Possible key-terms: combinatorial optimization techniques; simulated annealing; genetic algorithms; Kirkman's schoolgirl problem; Steiner triple systems; orthogonal regrouping.
Background: My class has $10$ students and $3$ tables; naturally, the students are distributed with $3, 3,$ and $4$ seated at the individual tables. On the second day of class, students sat in the same seats as on day one; I asked them to reseat themselves so that they could sit with new people.

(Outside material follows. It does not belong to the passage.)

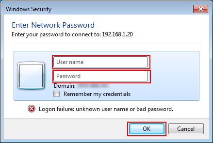 ii. Si aparece el diálogo de error de [Seguridad de Windows], introduzca [Nombre de usuario] y [Contraseña] y, a continuación, haga clic en [OK].
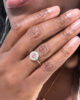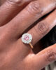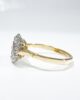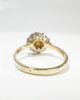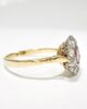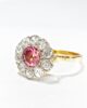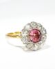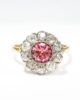 Sublime bague marguerite du début du XXème siècle en or jaune 18 carats sertie d’une sublime tourmaline rose taille brillant d’un carat en serti clos dans un entourage de diamants taille brillant de 0,08 carats chacun, de pureté VVSI et de couleur G (quasi incolore). Serties sur un chaton en or blanc ajouré, ces pierres forment une pièce élégante et féminine, où la couleur rose orangée de la tourmaline contraste joliment avec la blancheur des diamants et avec la chaleur de l’or jaune de son anneau.

Since there are $4$ students at one table and only $3$ total tables, we know by the pigeonhole principle that at least one pair of students will still be seated together after the reseating. In fact, such a reseating (only one pair of students still seated together) is attainable: the students quickly achieved as much!
Foreground: What are the natural notions of mixedness that one uses in similar scenarios for subsequent days? Asking with greater generality, suppose that there are $N$ students with their seats distributed among $k$ tables, each of which contains (on all days) $n_1, \ldots, n_k$ students, respectively, where $\sum n_i = N$.
(In the background case: $N = 10; n_1 = 3, n_2 = 3, n_3 = 4$.)
Question: What sort of literature exists on measuring how mixed up a seating arrangement is (as compared to all previous days), and how does one maximize the mixedness moving forward?
If necessary, I am okay with certain assumptions on the $n_i$; surely they should all be positive, and, at least initially, I am okay with them being assumed equal. (Though this will only be possible if $k$ divides $N$, which is not the case in my class!)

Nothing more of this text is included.